Ticket blunder leaves crowd in cold

Lines for Keith Urban warm up once inside

11/25/2013
BY ROD LOCKWOOD
BLADE STAFF WRITER
Crowds wait in the cold outside Huntington Center before Keith Urban’s concert because of a problem with credit-card readers.
Crowds wait in the cold outside Huntington Center before Keith Urban’s concert because of a problem with credit-card readers.

Blame it on paperless ticketing, a strategy designed to fend off scalpers that backfired Sunday night and left thousands of people shivering outside the Huntington Center in the frigid night air waiting an hour or more to get inside to see Keith Urban.

The Wi-Fi system used to scan concertgoers’ credit cards went down just 10 minutes before doors were supposed to open at 6 p.m. and it wasn’t back online until about 45 minutes later.

The result was long lines snaking from the Huntington Center on Huron Street and Jefferson Avenue all the way down to Madison Avenue.

People were crowded shoulder-to-shoulder at the main entrance and were packed into the will-call ticket office waiting to get inside.

And they weren’t happy.

“People shouldn’t have to go through this,” said a Toledo man who asked that his name not be in The Blade.

He had a torn Achilles tendon, but had to go to the concert because the tickets he bought for his wife were on his credit card.

“I love the Huntington Center, but I’m not going to go through this every time.”

Steve Miller, the downtown arena’s general manager, said he understood the frustration, but the problem was with the vendor who provides the scanner used to identify tickets purchased on credit cards. With the paperless system, a person buys his or her tickets on a credit card and then uses the credit card as a “ticket” to get inside.

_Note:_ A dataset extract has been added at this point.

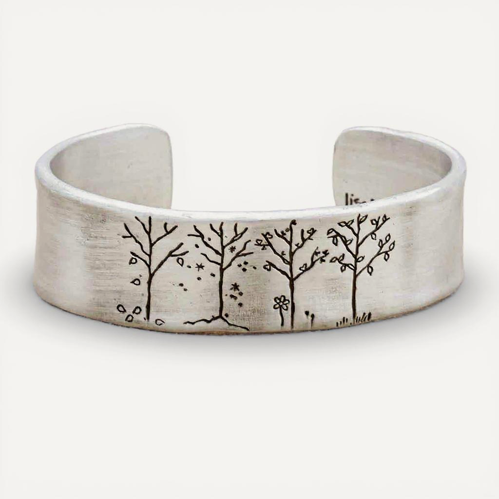 This cuff features hand-carved trees with 'a love for all seasons <3' etched inside. Crafted in pewter, it measures 3/4" tall, 2.5" diameter, with about a 1" opening. Friends we cannot keep these gorgeous, handcrafted cuffs in stock!

It is designed to prevent scalpers from buying multiple tickets and reselling them for a profit, and Mr. Miller said Urban’s management requested that all 5,500 tickets for the lower-bowl area and floor be sold that way.

“We’re very sorry for what transpired. We did the best we could to get the system up and running as soon as possible,” he said, adding that it was tested at 4:30 p.m. and worked fine.

The next step is making sure it doesn’t happen again.

“We’re going to sit down and find out what went wrong so we can prevent this in the future,” Mr. Miller said.

By the time opening act Little Big Town hit the stage at 8 p.m., the 7,351 people at the show seemed to have warmed up and gotten over being angry about the delay.

The four-piece band’s 50-minute set was tight and crisp, featuring a dramatic version of “Your Side of the Bed,” that segued into a pummeling version of Fleetwood Mac’s “The Chain,” which showed that the band’s roots are more than just country.

Urban sidled onto the stage unannounced a little after 9, dressed all in black, and scooped up a banjo and launched into an instrumental jam.

His music in a live setting is far more pop-rock than country and his stage presence skews more toward Jon Bon Jovi than George Jones.

He also is a phenomenal guitar player and entertainer who can take an arena and turn it into an intimate party setting by virtue of his charisma and stage craft, without ever sacrificing the music to gimmicks.